Narratives

Val Schlosberg

Five clay vessels with art on them including images of a brown golem figure, a scroll with English words on it, a Palestinian flag, olive branches, a burning police car, an angel attacking a police officer, and Hebrew text throughout.

Val Schlosberg, Ceramic Vessels series

ARTIST STATEMENT BY VAL SCHLOSBERG

These vessels each respond to a form of unsafety and express a vision of safety and solidarity through an exploration of the clay creature of Jewish lore, the golem. The golem is a central image and provocation in my art practice. The golem story, first recorded around the medieval period, tells of a Jewish population threatened by pogroms. In order to protect his community, a rabbi goes to the banks of a river and constructs a small clay figure called a golem. Using a complex recitation of different combinations of the Hebrew alphabet, the Rabbi successfully enlivens the clay, sealing it with the word אמת, “truth.” The clay figure awakens to defend the city against antisemitic attacks before being laid to rest once again. This story has been revisited and transformed countless times over: In the introduction to her book "The Golem Redux: From Prague to Post-Holocaust Fiction," Elizabeth Baer quotes a description of the golem as the “ultimate crisis monster” elaborating that “the golem starts wandering the streets at times of crisis, when people are worried. He is a projection of society’s neuroses, a symbol of our fears and concerns.”

The image and story of the golem invites me to imagine the potential for clay – enlivened through intention – to be a force against fascism.
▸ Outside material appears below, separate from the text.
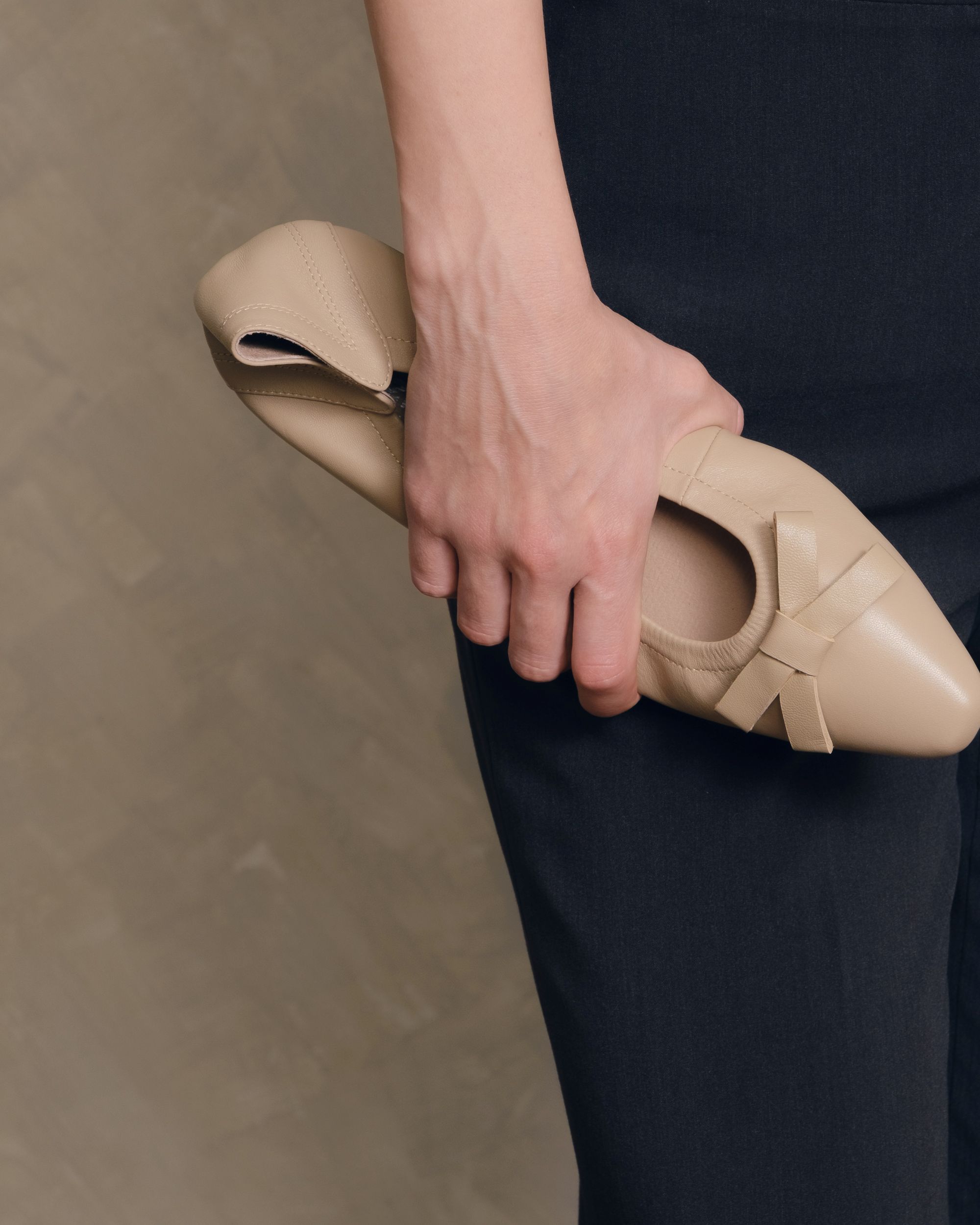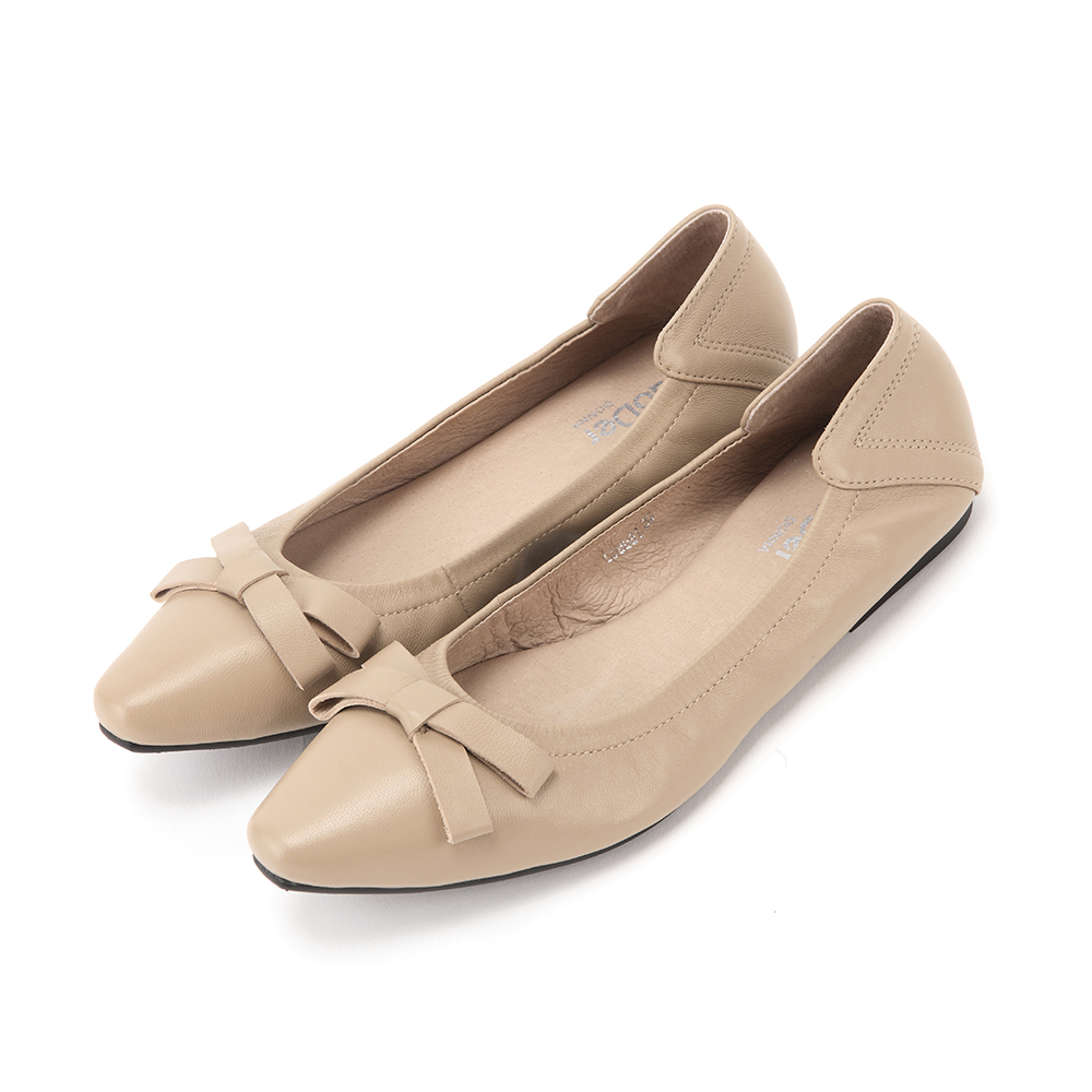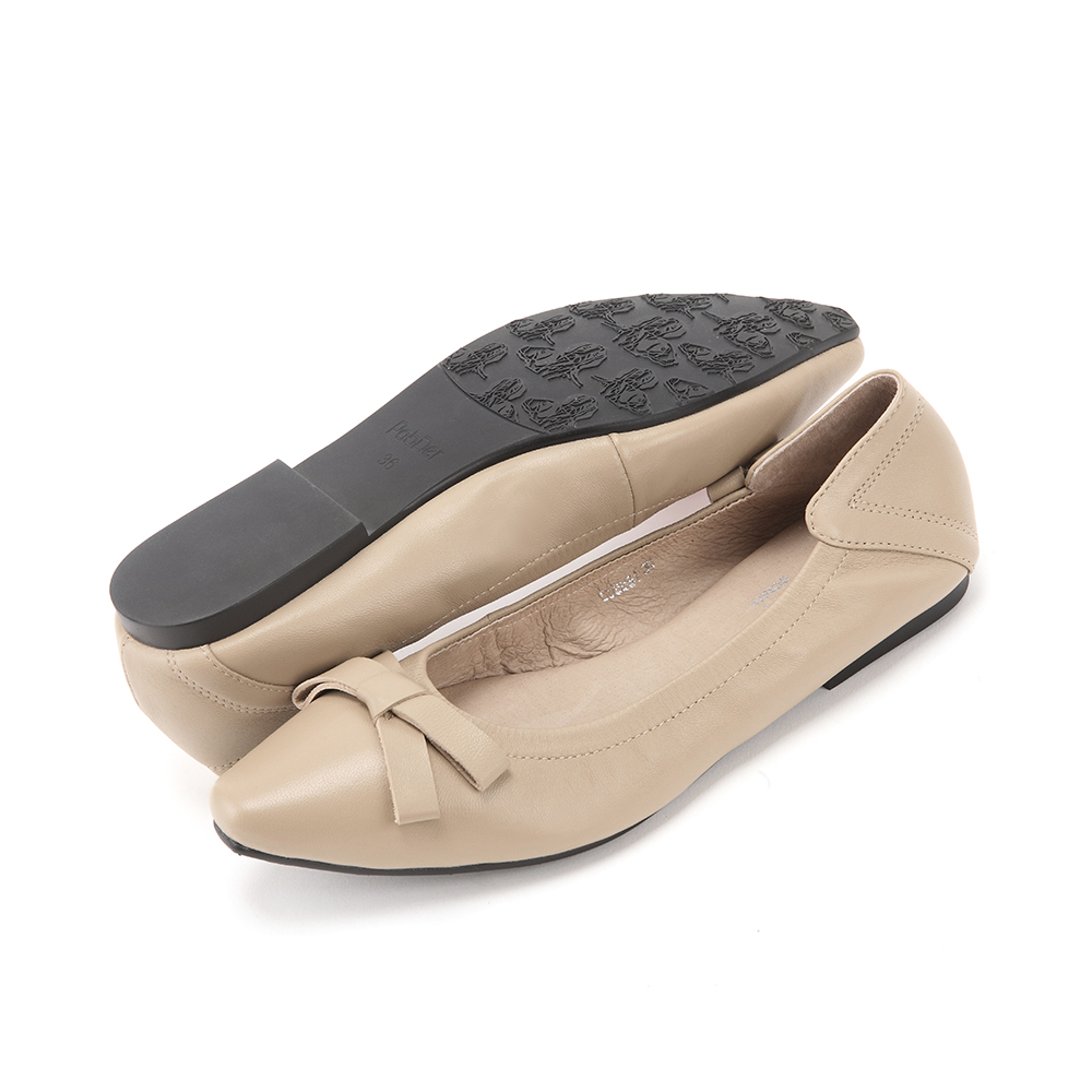 Ladies comfortable ballerina flats with pointed toe, bow decoration, elastic top line, bendable sole, soft insole, heel cap and made of genuine leather.

It is a myth that asserts the power of the relationship between language and form to create worlds and fight the imposing threat of authoritarianism, violence, and empire. A central intention of my proposed work is to continue to imagine and re-imagine what it means to create golems for the various crises of our current day. This process is both metaphorical and literal, both imaginary and embodied. I often say, “all golems are real golems,” by which I mean, the clay I bring to life has real power to disrupt unjust systems, to tell painful truths, and to be in service and allyship to my communities and the communities that I am in solidarity with.